DATASET SECTION
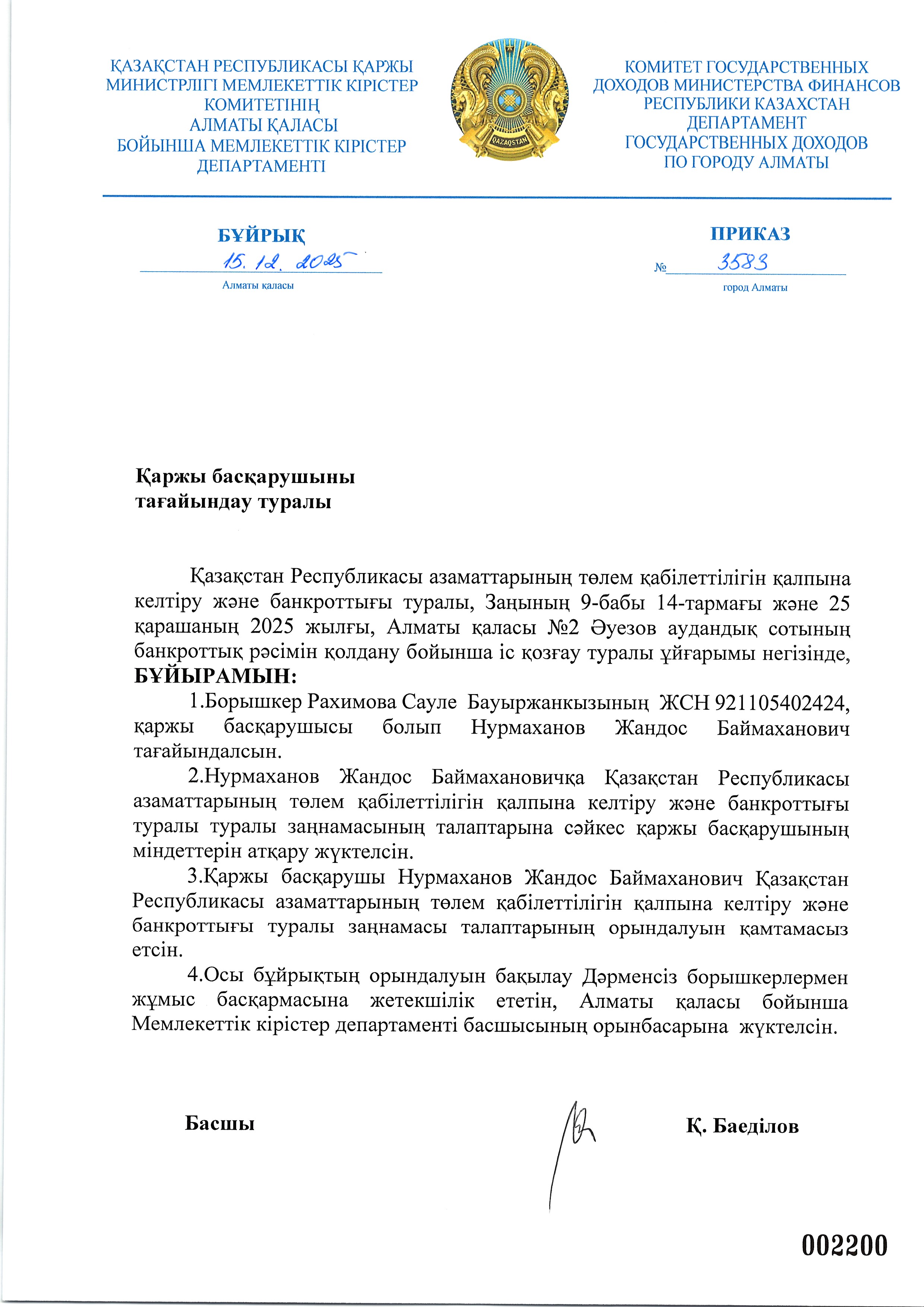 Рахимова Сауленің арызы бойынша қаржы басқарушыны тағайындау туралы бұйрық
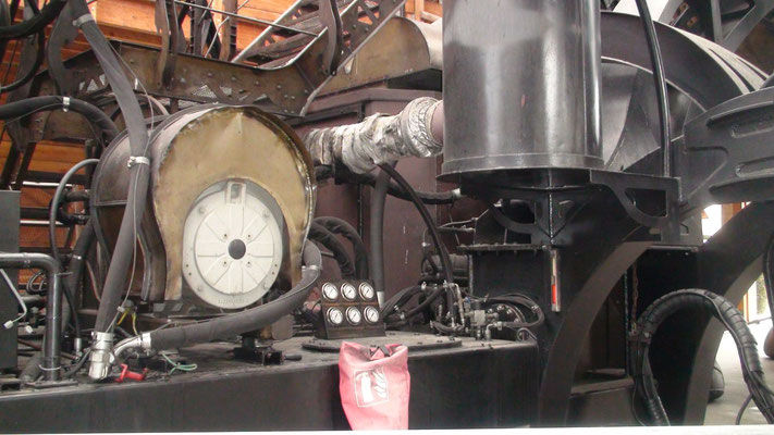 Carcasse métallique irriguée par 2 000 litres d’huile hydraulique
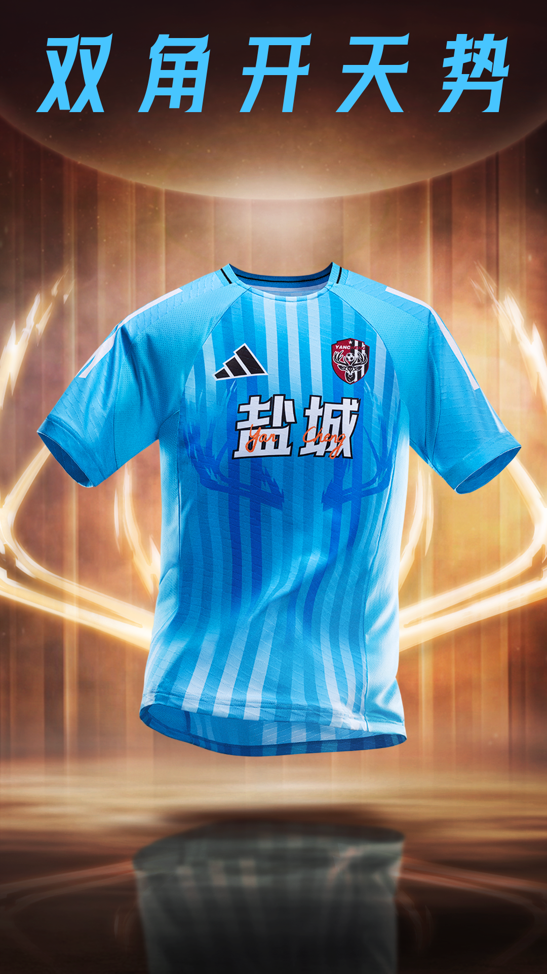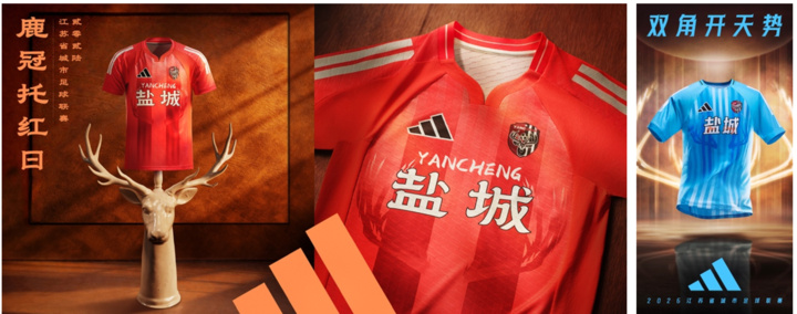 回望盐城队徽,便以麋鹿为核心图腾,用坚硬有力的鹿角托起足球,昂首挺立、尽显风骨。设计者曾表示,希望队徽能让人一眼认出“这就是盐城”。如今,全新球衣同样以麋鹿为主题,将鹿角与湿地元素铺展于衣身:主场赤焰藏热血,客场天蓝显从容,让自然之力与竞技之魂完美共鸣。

REQUIREMENT
The listing should be transcribed exactly. No picture is to appear in the transcription.

ANSWER FOR THE TASK
 Рахимова Сауленің арызы бойынша қаржы басқарушыны тағайындау туралы бұйрық
 Carcasse métallique irriguée par 2 000 litres d’huile hydraulique
 回望盐城队徽,便以麋鹿为核心图腾,用坚硬有力的鹿角托起足球,昂首挺立、尽显风骨。设计者曾表示,希望队徽能让人一眼认出“这就是盐城”。如今,全新球衣同样以麋鹿为主题,将鹿角与湿地元素铺展于衣身:主场赤焰藏热血,客场天蓝显从容,让自然之力与竞技之魂完美共鸣。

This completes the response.